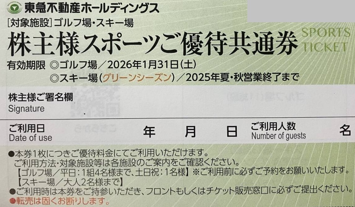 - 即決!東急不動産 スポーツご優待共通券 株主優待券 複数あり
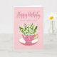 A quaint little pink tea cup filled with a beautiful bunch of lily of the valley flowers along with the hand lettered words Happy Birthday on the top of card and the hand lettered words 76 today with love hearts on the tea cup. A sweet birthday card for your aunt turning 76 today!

==

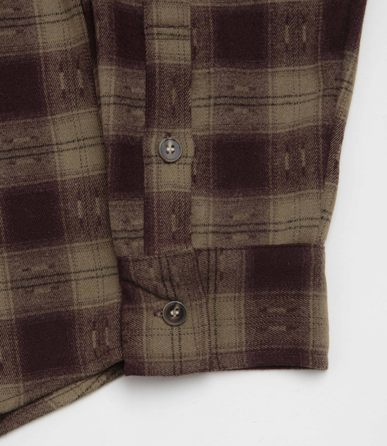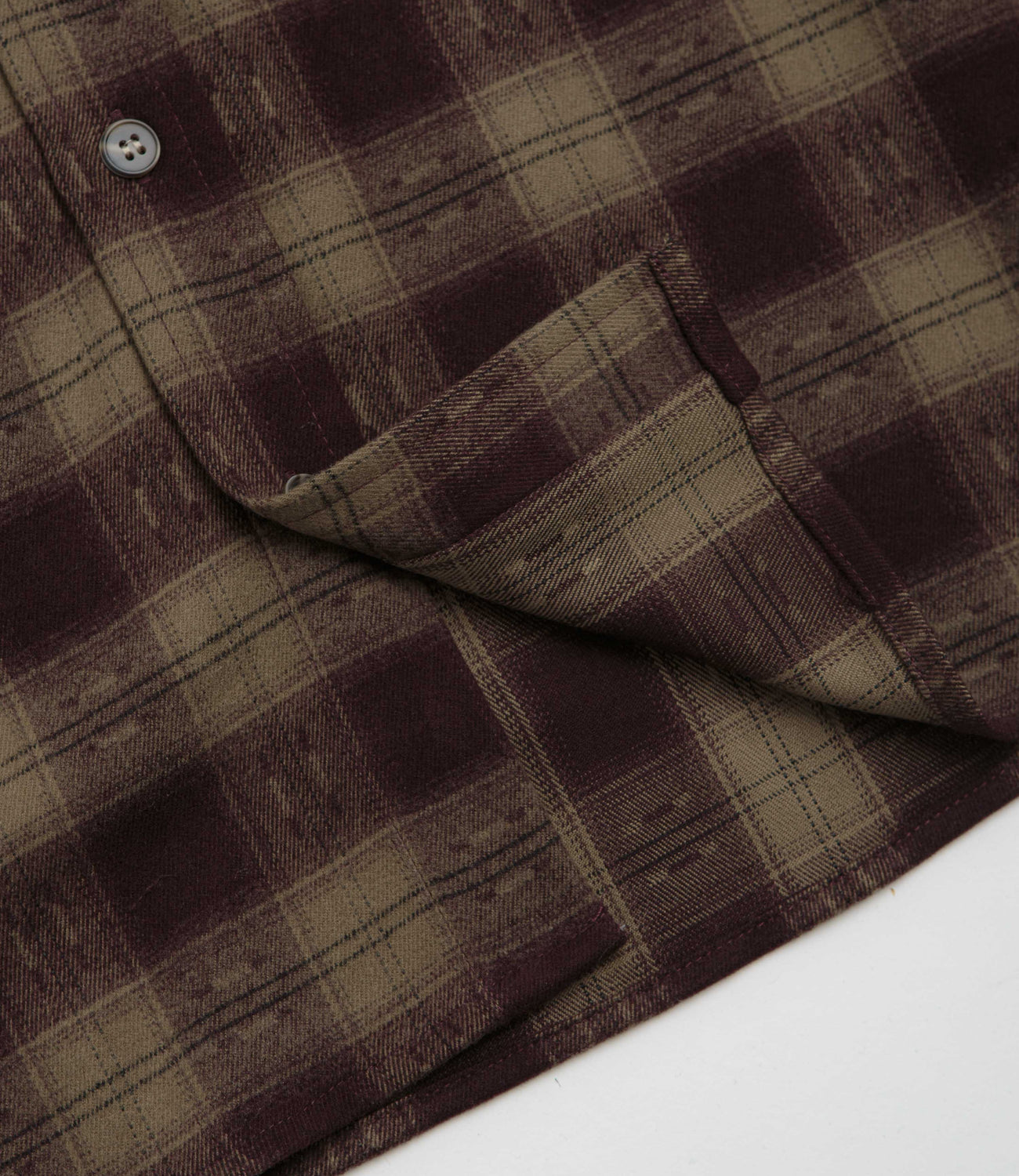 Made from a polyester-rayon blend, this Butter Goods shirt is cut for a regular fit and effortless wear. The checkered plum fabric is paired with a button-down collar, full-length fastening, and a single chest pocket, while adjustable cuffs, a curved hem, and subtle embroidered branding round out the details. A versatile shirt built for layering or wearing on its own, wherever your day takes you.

Required action
Produce an exact reproduction of the listing above, limited to the lines starting at the line with "- 即決!東急不動産 スポーツご優待共通券 株主優待券 複数あり" and ending at the line with "A quaint little", both kept, with every picture left out.

Task response
 - 即決!東急不動産 スポーツご優待共通券 株主優待券 複数あり
 A quaint little pink tea cup filled with a beautiful bunch of lily of the valley flowers along with the hand lettered words Happy Birthday on the top of card and the hand lettered words 76 today with love hearts on the tea cup. A sweet birthday card for your aunt turning 76 today!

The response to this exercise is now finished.